Richards told the jury that after leaving the party in a borrowed van, James met up with a girlfriend and solicited the aid of his two cousins, LaPrense Willis and Clarence Willis, who lived not far from James, not far from the clubhouse, and not far from Sanders’ home. James and the Willis brothers allegedly confronted Sanders after 9:30 p.m. that night in the driveway of his house on Jones Street as he and his wife were about to get in their car to pick up a child.
Richards said Sanders and his wife went in their home and locked the door but it was kicked in and Sanders was shot once with a handgun and that the bullet severed Sanders’ femoral artery in his leg, causing him to bleed to death.
Texarkana, Texas, Police Department Officer Colten Johnson testified under questioning from Assistant District Attorney Kelley Crisp that when he arrived, Sanders was lying in a large and growing pool of blood on the floor in the home’s den. Johnson said he and other officers struggled to cut off Sanders’ clothing and find the source of the bleeding. Johnson said the location of the wound in Sanders’ right pelvic area made it difficult to treat with a tourniquet.
Johnson said Sanders lost so much blood it appeared he’d been wounded with a shotgun.
Johnson said that he was covered in blood by the time paramedics arrived and had to go home and change before returning to the scene to write his report. Johnson said that as he traveled back to the scene he saw LaPrense Willis walking out of a nearby convenience store with a soda and bag of chips.
LaPrense Willis and Clarence Willis have been arrested for murder in connection with Sanders’ death.
Texarkana, Texas, Crime Scene Detective Marc Sillivan testified as photos of the Sanders’ home were shown to the jury. The home’s neat appearance stood in contrast to the unhinged front door lying partially inside the living room.
Sillivan said the door had been deadbolted when it was kicked in. Sillivan testified that he and fellow crime scene Detective Spencer Price found a shell casing for a .380 handgun on a couch in the living room.
A photo of a bullet hole that went through the living room wall and into the home’s kitchen area was shown Tuesday. Sillivan said he believes the bullet traveled through the wall and struck Sanders.

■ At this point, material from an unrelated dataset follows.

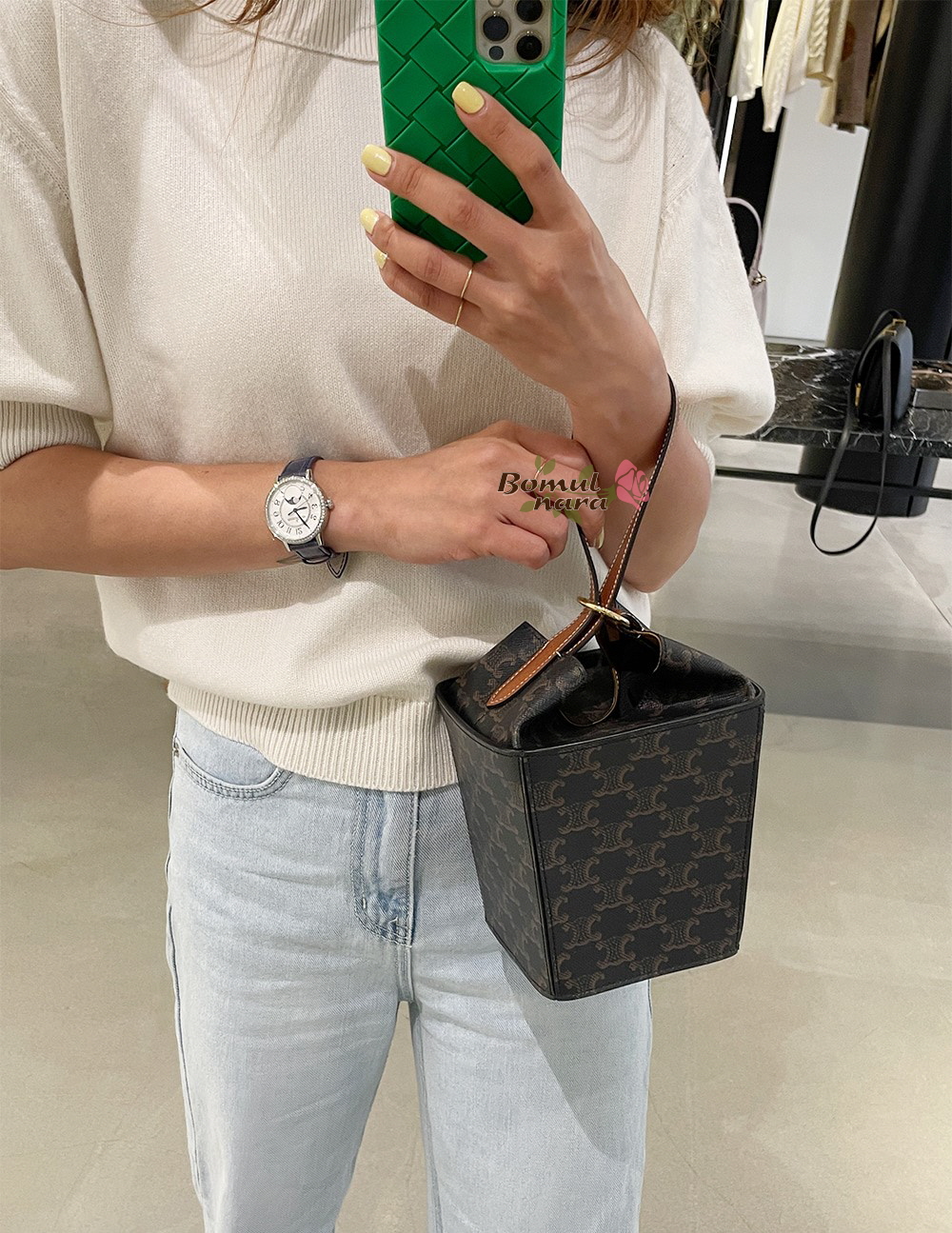 각진 박스쉐입으로 포인트로 착용하기 좋은 버킷

Texarkana, Texas, Detective Brian Purcell testified that Sanders’ wife and others who were at the football party were able to identify James and the Willis brothers as suspects. Purcell said James admitted to shooting Sanders when arrested.
Purcell said James gave multiple versions of the night’s events, including claiming that he’d been “jumped” by a group of men at the party. Purcell said that witnesses at the party told him James became unruly after consuming alcohol and that Sanders and James fought after Sanders told James it was time for him to leave.

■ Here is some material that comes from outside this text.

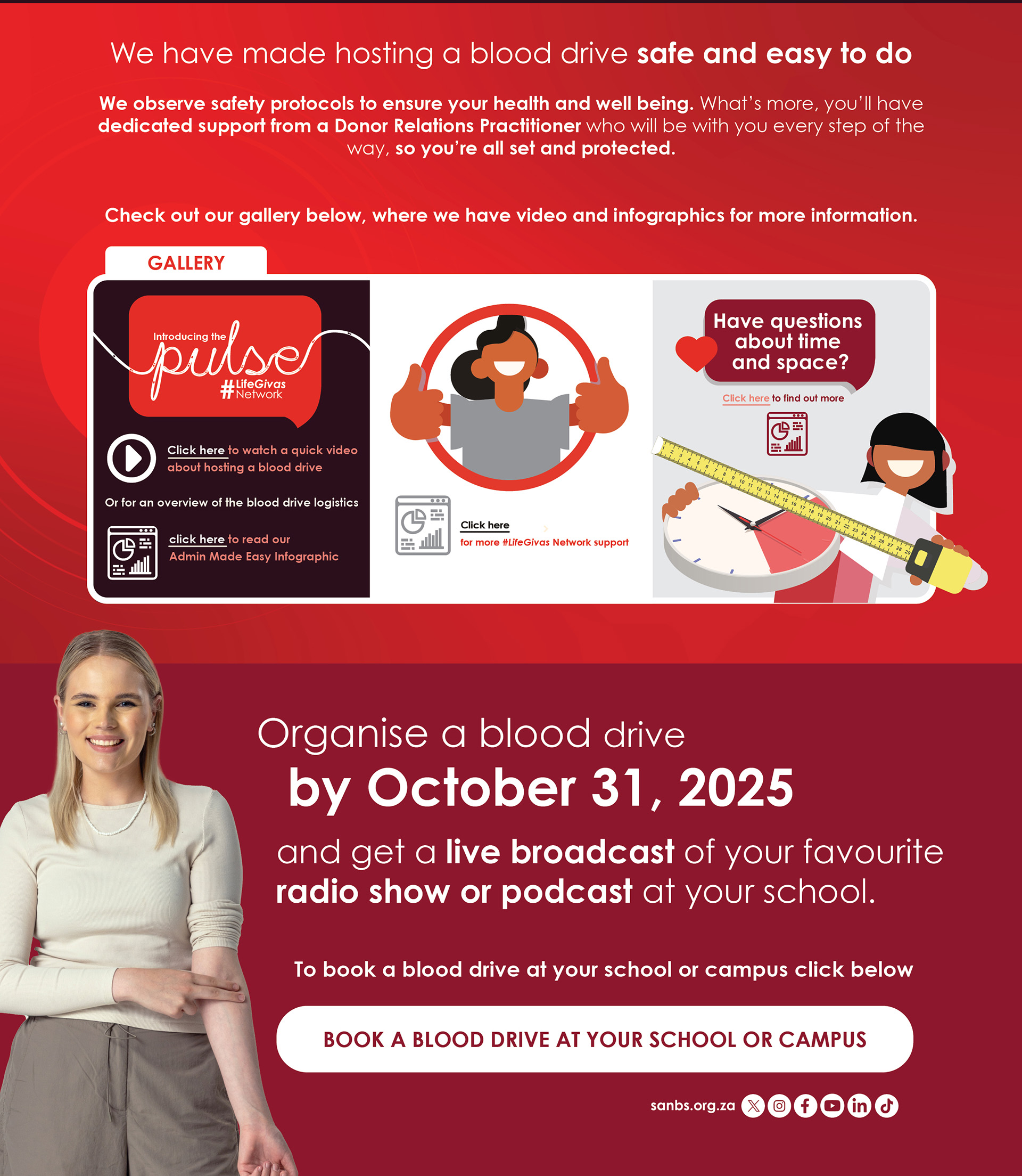 Help SANBS recruit new blood donors by organising a blood drive in your community,

Under cross examination by Texarkana lawyer Derric McFarland, Purcell said James did tell him that he did not mean to kill Sanders. Purcell testified that when he asked James about the gun, James told him he’d never find it.
Witness Tommy Black testified that he loaned James his van the night of the shooting. Black, who lived and worked with James, said he had to be at work at Tyson in Nashville, Ark., at midnight and called a friend for a ride when James didn’t return with the van.
Black said he saw James in a green mid-sized car as he was leaving for work before midnight on the night Sanders was killed. Black said James called a mutual friend and told him where Black could find his van parked around the corner from their residence on 16th Street.
Black said James’ “attitude does change when he’s been drinking.”
Testimony is expected to continue Wednesday morning before 5th District Judge Bill Miller. Murder is punishable by five to 99 years or life in prison.